Чайковский
Шрифт:
Во-первых, Чайковский испугался не стояния на эстраде, а публичного экзамена по теории музыки, предшествовавшего исполнению кантаты. Во-вторых, Рубинштейн не вредничал, держа у себя заслуженный Петром Ильичом диплом. Нет – он вообще не хотел признавать Чайковского достойным диплома, настолько его разозлила неявка студента на главный экзамен. Но все же смилостивился, и Чайковский стал дипломированным «свободным художником» (такое звание было указано в дипломе) без публичной сдачи злосчастного экзамена. Оценки по теории композиции (по классу профессора Зарембы) и инструментовке (по классу профессора Рубинштейна) были отличными, по игре на органе по классу профессора Штиля – хорошими, по игре на фортепиано[35] – весьма хорошими, а вот по дирижированию – удовлетворительными. Что же касается времени получения диплома, который был выдан Чайковскому только 30 марта (11 апреля) 1870 года, то оно было обусловлено сугубо бюрократическими причинами, а именно проволочками с Высочайшим
Но вернемся назад, в 1863 год, и посмотрим, какой стала жизнь нашего героя после оставления службы. С одной стороны, она стала счастливой, поскольку его больше не отягощала необходимость присутствия в департаменте. Все свободное время можно было отдавать музыке – постигать, совершенствоваться, сочинять. С другой – стесненность в средствах перерастает в настоящую нужду. «Перспектива в материальном отношении была очень мрачная; приходилось начать расплату долгов не из капитала, как он надеялся прежде, а из пенсии, которую получит, и поэтому сократить траты до последней крайности. Случись это годом ранее, очень вероятно, что в будущем композиторе избрание новой деятельности пробудило бы колебание и борьбу. Хотя богат он никогда не был, но все же отец имел возможность делать его существование обеспеченным. Петр Ильич имел квартиру, стол, платье – даровые, а жалованье из министерства мог употреблять на прихоти, но даже и здесь… Илья Петрович был в состоянии изредка приходить ему на помощь. Теперь же предстояло отказаться от жалованья и не ожидать от отца ничего, кроме крова и харчей; и это на долгое и неопределенное время, при совершенной неподготовленности бороться с нищетой. И, несмотря на это, без тени сомнения, спокойно и твердо он предпочел перспективу нужды и лишений – обеспеченности, до такой степени вера в свое призвание и любовь к своему искусству за год времени глубоко и прочно пустили ростки в его душе»[37].
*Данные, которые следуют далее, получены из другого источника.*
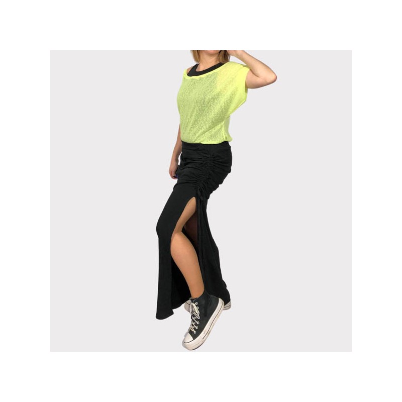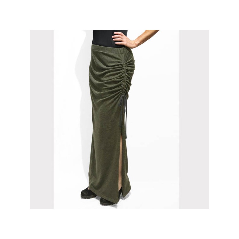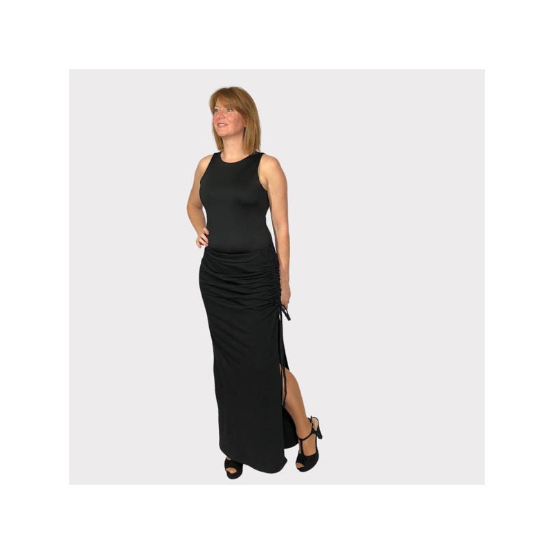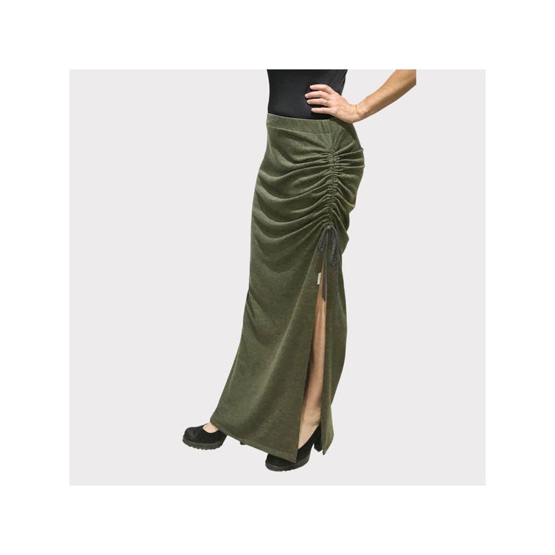 Patrón para coser una falda larga con un bonito fruncido en un costado y abertura lateral.

Илья Петрович, вышедший в отставку примерно в одно время с сыном (он ушел с должности директора Технологического института в марте 1883 года) получал относительно неплохую по тем временам пенсию – две тысячи рублей в год. Но у него были свои долги, оставшиеся от неудачного участия в финансовом предприятии, на погашение которых уходило в среднем по восемьсот рублей в год. На оставшуюся тысячу двести (то есть на сто рублей в месяц) Илья Петрович должен был содержать себя и двух младших сыновей. Роскошь воткинского бытия и первых лет жизни в столице давно была позабыта, теперь Чайковские жили в скромной квартирке на пересечении Загородного проспекта с Лештуковым переулком[38]. На карманные расходы и вообще на все «излишества» Петру Ильичу приходилось зарабатывать уроками – он преподавал как теорию музыки, так и игру на фортепиано – и аккомпаниаторством. Выходило не густо, в среднем около семидесяти рублей в месяц, причем надо помнить, что рачительность не относилась к числу достоинств нашего героя. Однако же он не унывал. Более того, весело подшучивал над своей нищетой и был счастлив от сознания того, что стоит на верном пути.
«Я говорю на музыкальном языке, потому что мне всегда есть что сказать»[39], – заметит Чайковский в одном из своих писем.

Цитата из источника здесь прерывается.